(Records from a dataset)
::::::::
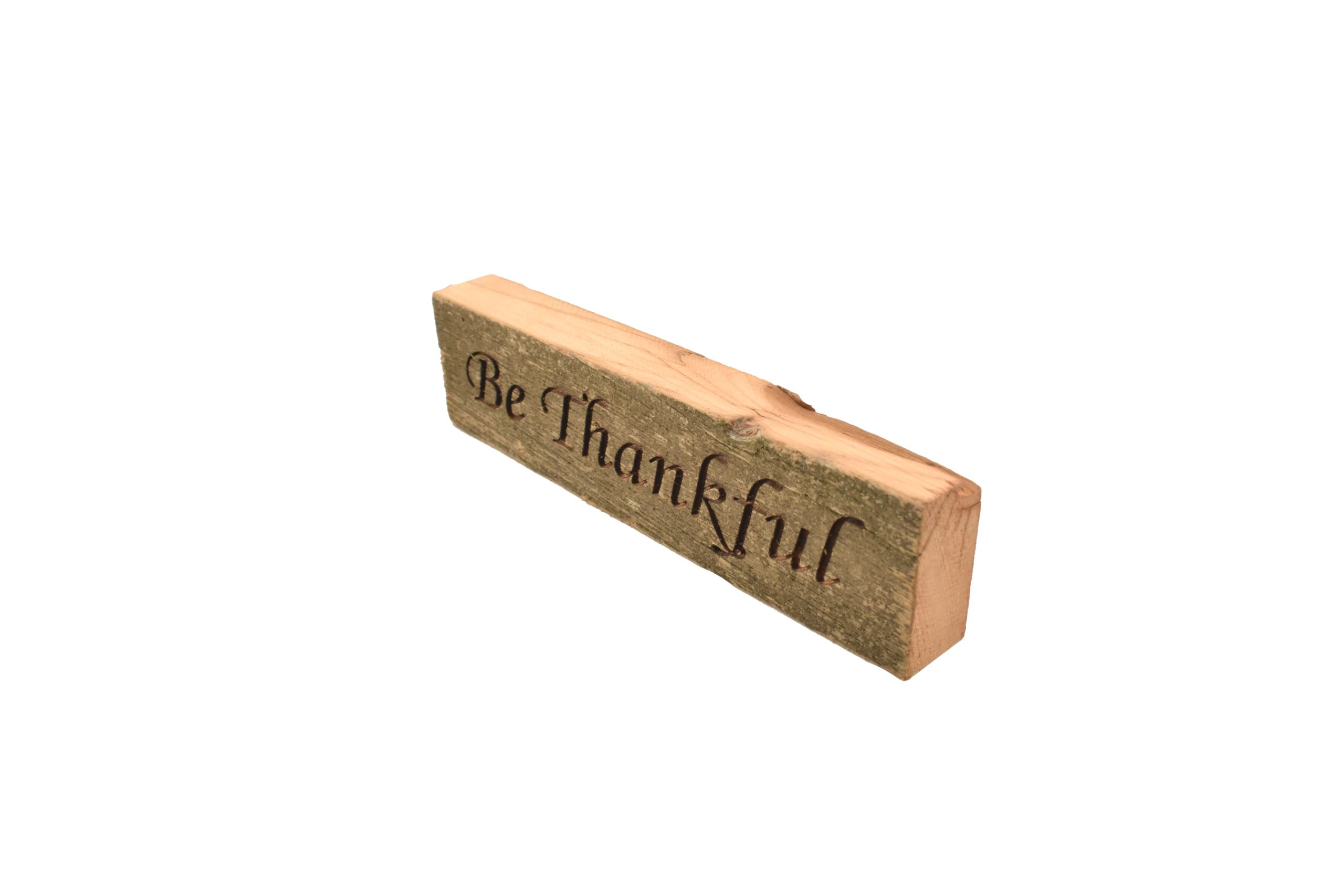 Our wood block signs are made from reclaimed wood from an over 100 year old barn and will look great in any home or cabin. Our “Be Thankful” laser engraved wood block is a good reminder to count your blessings and remember everything that you have to be thankful for.
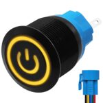 ProRide Metalen Pulsschakelaar 220V OFF-(ON) – 22mm – Momentschakelaar met Aansluitkabel – Spatwaterdicht – LED Indicatie Geel
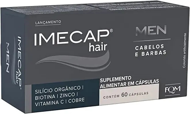 Imecap Hair Men é um suplemento alimentar em cápsulas especialmente desenvolvido para manutenção dos cabelos e barbas. Composto de silício orgânico, cobre, zinco, biotina e vitamina C, ele está disponível em embalagem com 60 cápsulas.
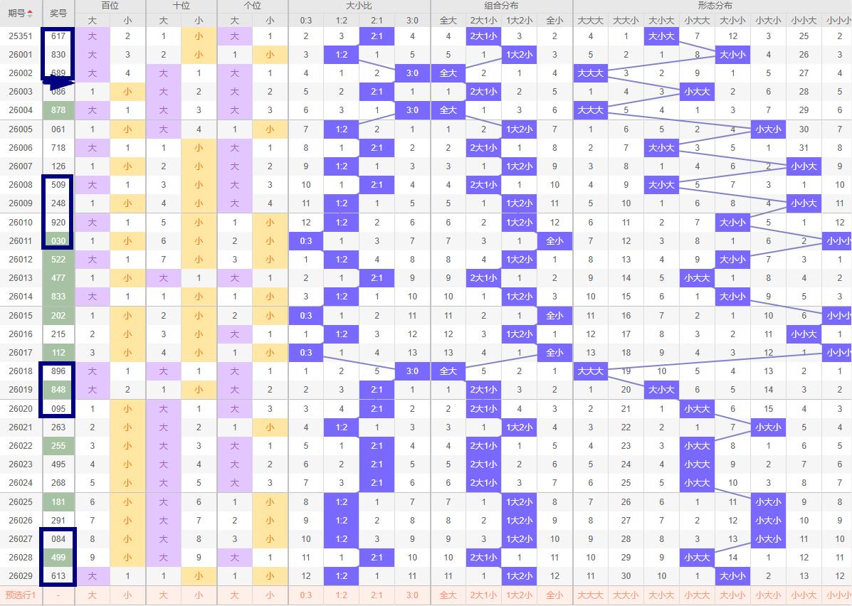 大小走向分析: 在排列3中,大小走势是判断号码分布的重要依据。根据029期开奖结果613.,大小比为1:2;形态偶奇奇。结合历史走势图,发现近10期大小比例为15:15,大数与小数持平;因此,030期关注的大小比例1:2或2:1,应充分考虑这一趋势,合理分配选号比例。防组三
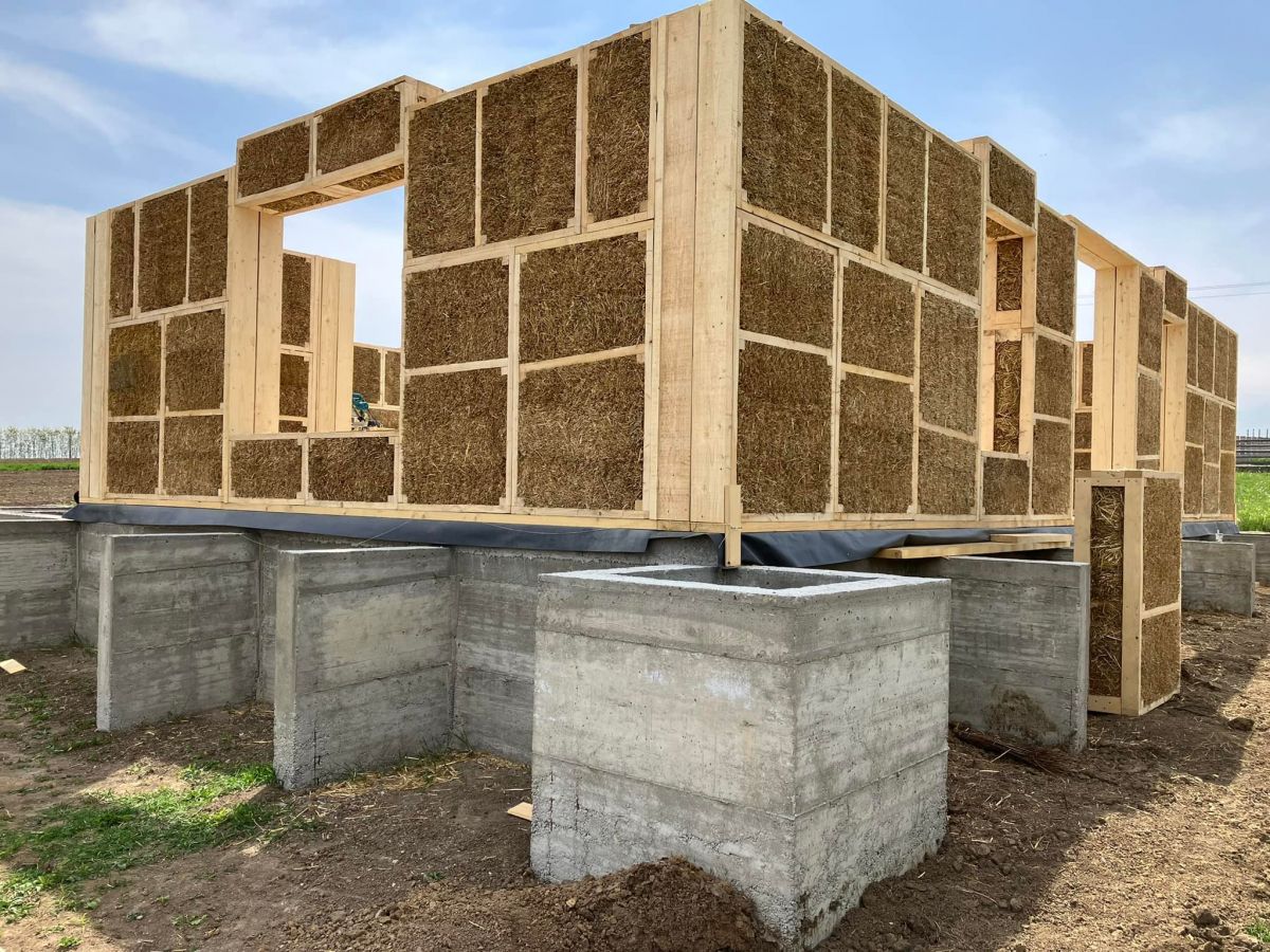 78 de panouri din lemn și paie au fost folosite pentru a construi casa asemeni unui puzzle. Pereții exteriori vor avea o grosime de 50 de centimetri, cu tot cu tencuială. Chiar și pereții interiori vor fi umpluți cu paie și lut.
::::::::
■ WORK INSTRUCTION
Give back the data exactly. Skip any images.

■ TASK ANSWER
 Our wood block signs are made from reclaimed wood from an over 100 year old barn and will look great in any home or cabin. Our “Be Thankful” laser engraved wood block is a good reminder to count your blessings and remember everything that you have to be thankful for.
 ProRide Metalen Pulsschakelaar 220V OFF-(ON) – 22mm – Momentschakelaar met Aansluitkabel – Spatwaterdicht – LED Indicatie Geel
 Imecap Hair Men é um suplemento alimentar em cápsulas especialmente desenvolvido para manutenção dos cabelos e barbas. Composto de silício orgânico, cobre, zinco, biotina e vitamina C, ele está disponível em embalagem com 60 cápsulas.
 大小走向分析: 在排列3中,大小走势是判断号码分布的重要依据。根据029期开奖结果613.,大小比为1:2;形态偶奇奇。结合历史走势图,发现近10期大小比例为15:15,大数与小数持平;因此,030期关注的大小比例1:2或2:1,应充分考虑这一趋势,合理分配选号比例。防组三
 78 de panouri din lemn și paie au fost folosite pentru a construi casa asemeni unui puzzle. Pereții exteriori vor avea o grosime de 50 de centimetri, cu tot cu tencuială. Chiar și pereții interiori vor fi umpluți cu paie și lut.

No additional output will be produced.